Viscosity Index (VI):
An arbitrary number indicating the effect of temperature changes on the viscosity of an oil.
- Low VI: Viscosity changes rapidly with temperature (bad).
- High VI: Viscosity changes very little with temperature (good).
- Importance: A good lubricant should have a high VI to function effectively in both cold starts (not too thick) and hot operating conditions (not too thin).
Discuss the following physical properties of lubricants: Flash Point, Fire Point, Cloud Point, and Pour Point.
- Flash Point: The lowest temperature at which the lubricant gives off enough vapor to ignite momentarily when a flame is brought near it. It indicates volatility and fire safety.
- Fire Point: The lowest temperature at which the lubricant vapors burn continuously for at least 5 seconds when ignited. Usually higher than the flash point.

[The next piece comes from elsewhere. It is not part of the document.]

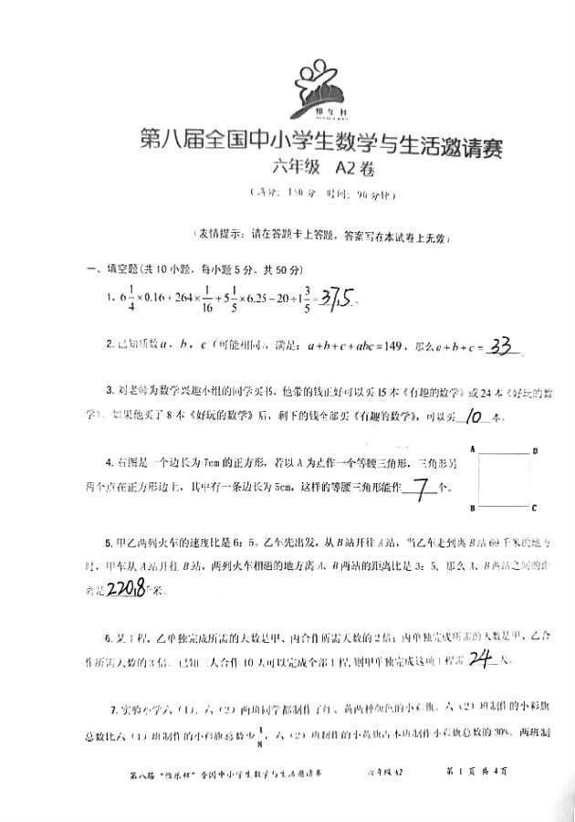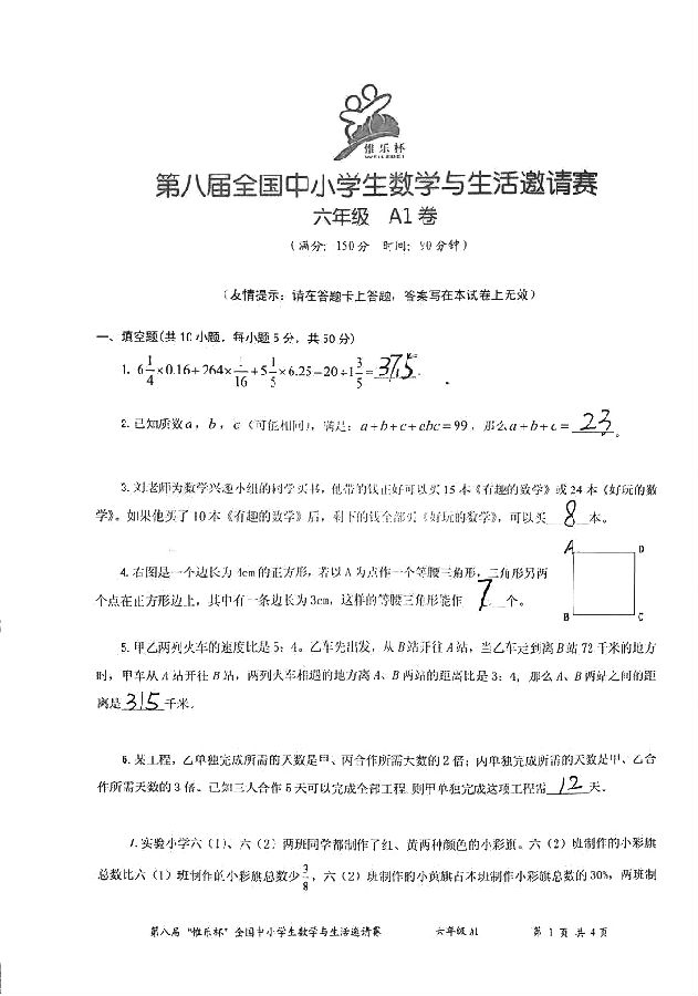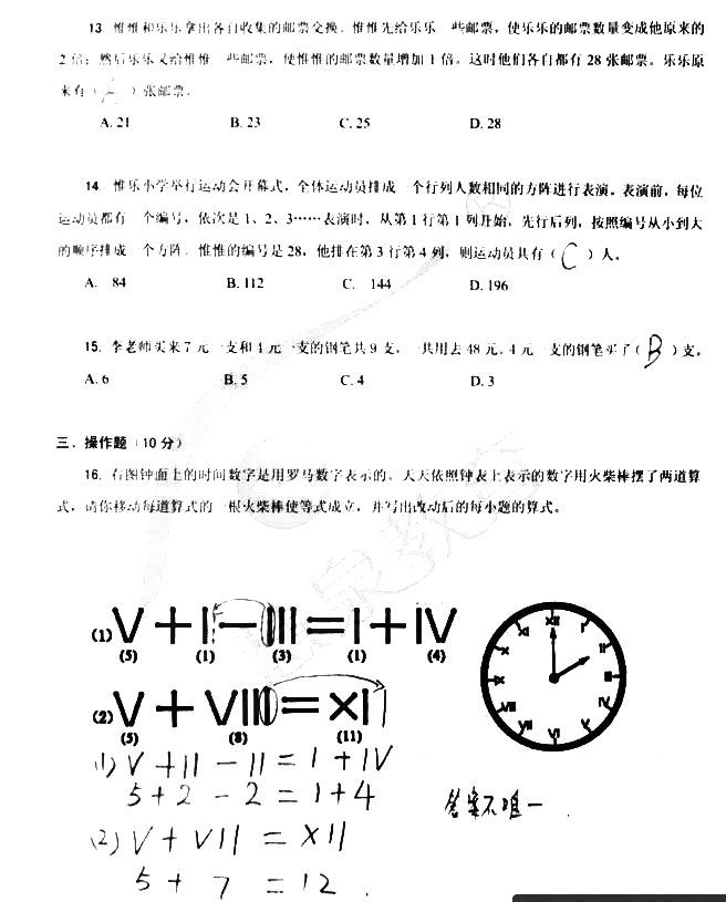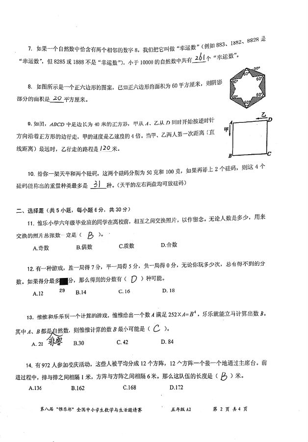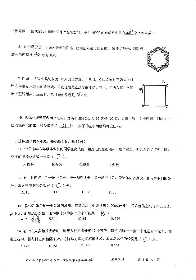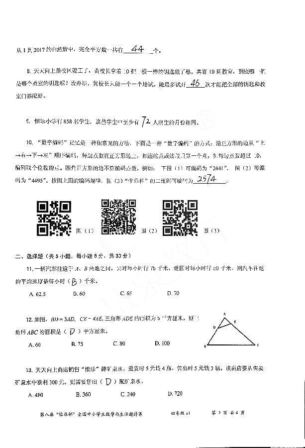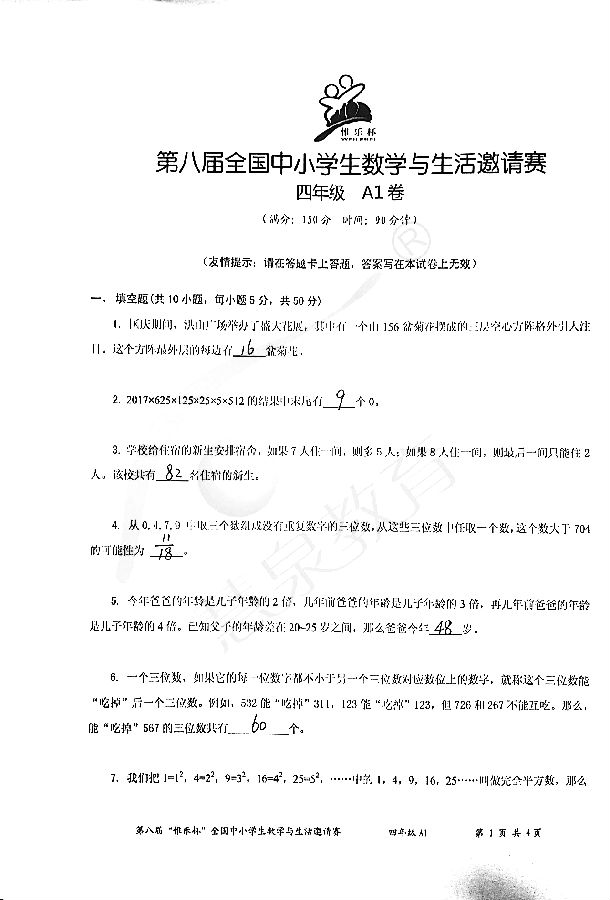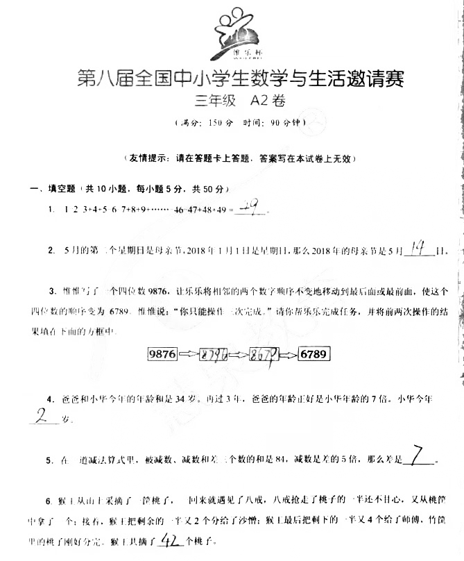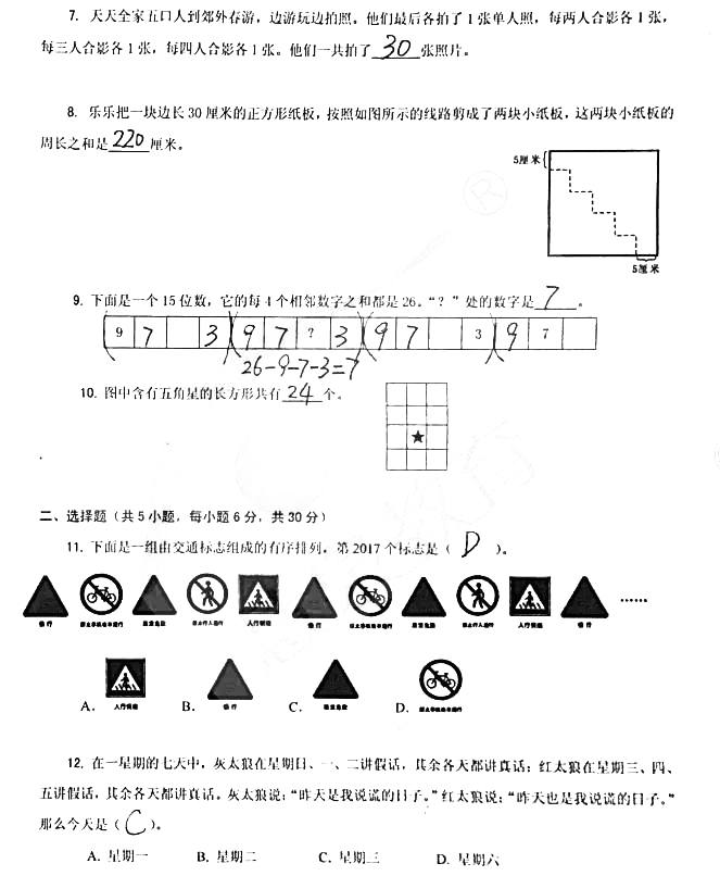 2017年惟乐杯试卷及答案解析(3-6年级)

- Cloud Point: The temperature at which the lubricant becomes cloudy or hazy due to the crystallization of dissolved waxes or separation of impurities upon cooling.
- Pour Point: The lowest temperature at which the oil ceases to flow or pour. It is crucial for machines operating in cold environments.
Explain the significance of Neutralization Number (Acid Value) and Saponification Number in the analysis of lubricants.
1. Neutralization Number (Acid Value):
- Definition: The number of milligrams of KOH required to neutralize the free acid present in 1 gram of oil.
- Significance:
- It indicates the acidity of the oil.
- Fresh oil should have a low acid value.
- A high acid value in used oil indicates oxidation and degradation (formation of corrosive acids), suggesting the oil needs changing.
2. Saponification Number:
- Definition: The number of milligrams of KOH required to saponify the fatty oil present in 1 gram of lubricant.
- Significance:
- Mineral oils do not saponify, while vegetable/animal oils do.
- It helps determine if a mineral oil has been compounded with fatty oils.
- It gives an idea about the quality and type of fatty oil used in the blend.